=== EXERCISE DIRECTIONS ===
Your copy of the data should match it exactly, except that the pictures are gone.

=== DATA SEGMENT ===

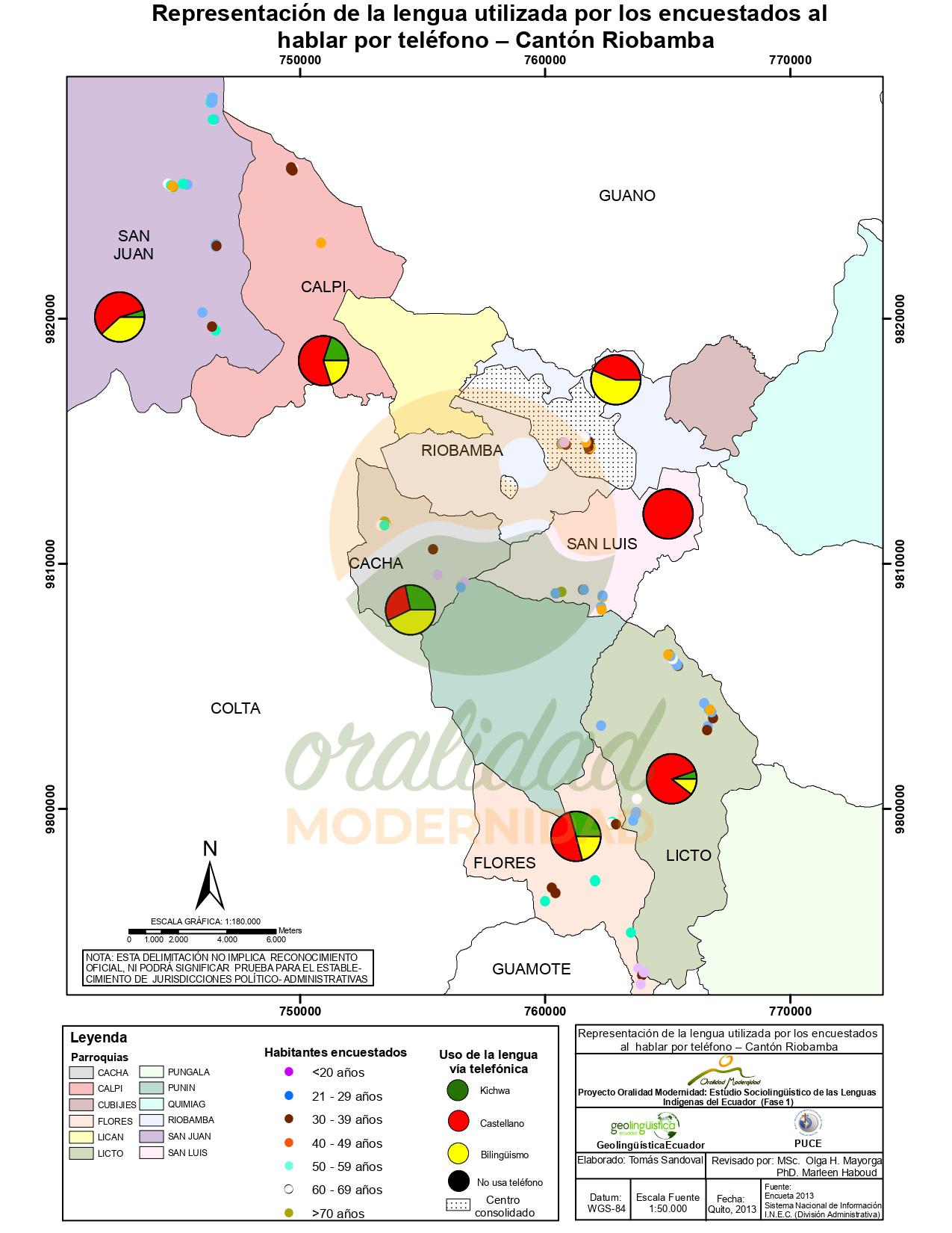 Cite: Haboud, M. (2013). Mapa de la representación de la lengua utilizada por los encuestados al hablar por teléfono en el cantón Riobamba. Programa Oralidad Modernidad/GeolingüísticaEcuador. https://oralidadmodernidad.org/canton-riobamba/
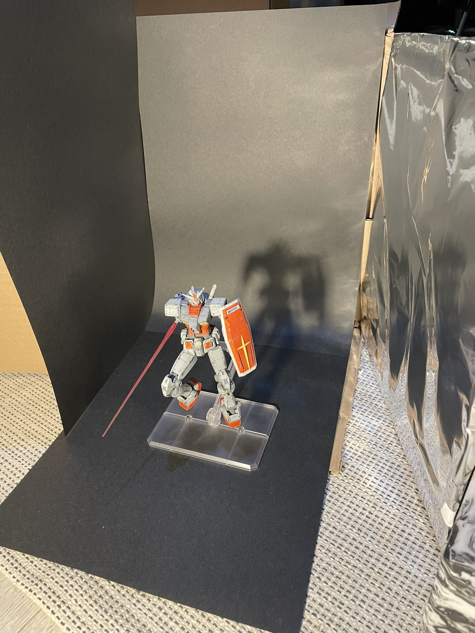 元々撮影の環境ほしいなーと思っていましたが某SNSでガンプラの写真撮影方法のコラムを読んだことで段ボール + 画用紙によるお手製ながらブースっぽいものを作ってみました
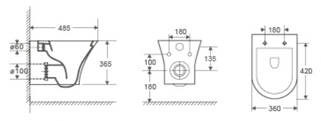 Подвесной безободковый унитаз Ceruttispa Bernina aria CT7191Размер: 485X360X365 ммЦвет: белый

=== SOLUTION BELOW ===
 Cite: Haboud, M. (2013). Mapa de la representación de la lengua utilizada por los encuestados al hablar por teléfono en el cantón Riobamba. Programa Oralidad Modernidad/GeolingüísticaEcuador. https://oralidadmodernidad.org/canton-riobamba/
 元々撮影の環境ほしいなーと思っていましたが某SNSでガンプラの写真撮影方法のコラムを読んだことで段ボール + 画用紙によるお手製ながらブースっぽいものを作ってみました
 Подвесной безободковый унитаз Ceruttispa Bernina aria CT7191Размер: 485X360X365 ммЦвет: белый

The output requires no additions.